Errors & Retries
Errors surface in two places:
- HTTP responses on the submit / get / update endpoints — validation, auth, rate-limit, or server issues.
- Step status inside a returned workflow — the request succeeded, but a step reached
failed,expired, orcanceled.
The orchestrator races providers internally, so transient provider failures (one worker crashing, one region being slow) are usually invisible to you — a different provider claims the job.
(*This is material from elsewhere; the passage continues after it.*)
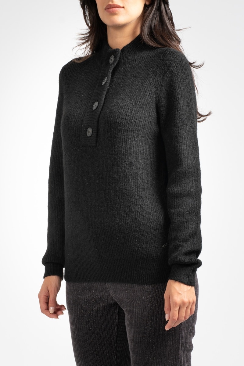 Col montant avec patte boutonnée.

You only see step-level failures once every viable provider has been exhausted.
HTTP error shape
Validation and error responses use the standard RFC 7807 application/problem+json shape (ProblemDetails / ValidationProblemDetails):
{
"type": "https://tools.ietf.org/html/rfc9110#section-15.5.1",
"title": "One or more validation errors occurred.",
"status": 400,
"errors": {
"steps[0].input.resolution": [
"The value '4k' is not valid for resolution."
]
}
}Fields:
status— the HTTP status code (also in the response line).title— short, human-readable summary.detail— longer description when the orchestrator can give one.errors— present on400validation failures; JSON Pointer–style paths → list of messages.instance/type— optional URIs identifying the specific occurrence and error class.
HTTP status taxonomy
| Code | Meaning | Retry? |
|---|---|---|
400 Bad Request | Body failed validation. errors map tells you exactly which fields. | No — fix the request. |
401 Unauthorized | Missing / expired / malformed bearer token. | No — obtain a new token. |
403 Forbidden | Token is valid but can't perform this operation (recipe not enabled for your tier, mature content not permitted, etc.). | No — request access; don't retry as-is. |
404 Not Found | Workflow or blob ID doesn't exist (or the token can't see it). | No — check the ID. |
409 Conflict | The workflow is in a state that blocks this mutation (e.g. updating a step that already started). | Maybe — refetch and reconcile. |
429 Too Many Requests | Rate-limit hit. | Yes, with backoff. |
5xx Server Error | Transient orchestrator issue. | Yes, with backoff. |
Retry guidance for 429 / 5xx: exponential backoff with jitter, capped at ~30 s between attempts, give up after ~5 tries. Don't retry 400 / 401 / 403 / 404 until you've fixed the underlying issue.
Step-level failures
A 200 / 202 on submit means the workflow was accepted — individual steps can still fail later. The Workflow payload you get back (or that arrives by webhook) carries per-step status:
{
"id": "wf_01HXYZ...",
"status": "failed",
"steps": [
{
"name": "0",
"$type": "videoGen",
"status": "failed",
"jobs": [
{
"status": "failed",
"reason": "no_provider_available",
"blockedReason": null
}
]
}
]
}Workflow / step / job statuses share the same enum: unassigned, preparing, scheduled, processing, succeeded, failed, expired, canceled. Terminal states are succeeded, failed, expired, canceled — once reached, they do not change.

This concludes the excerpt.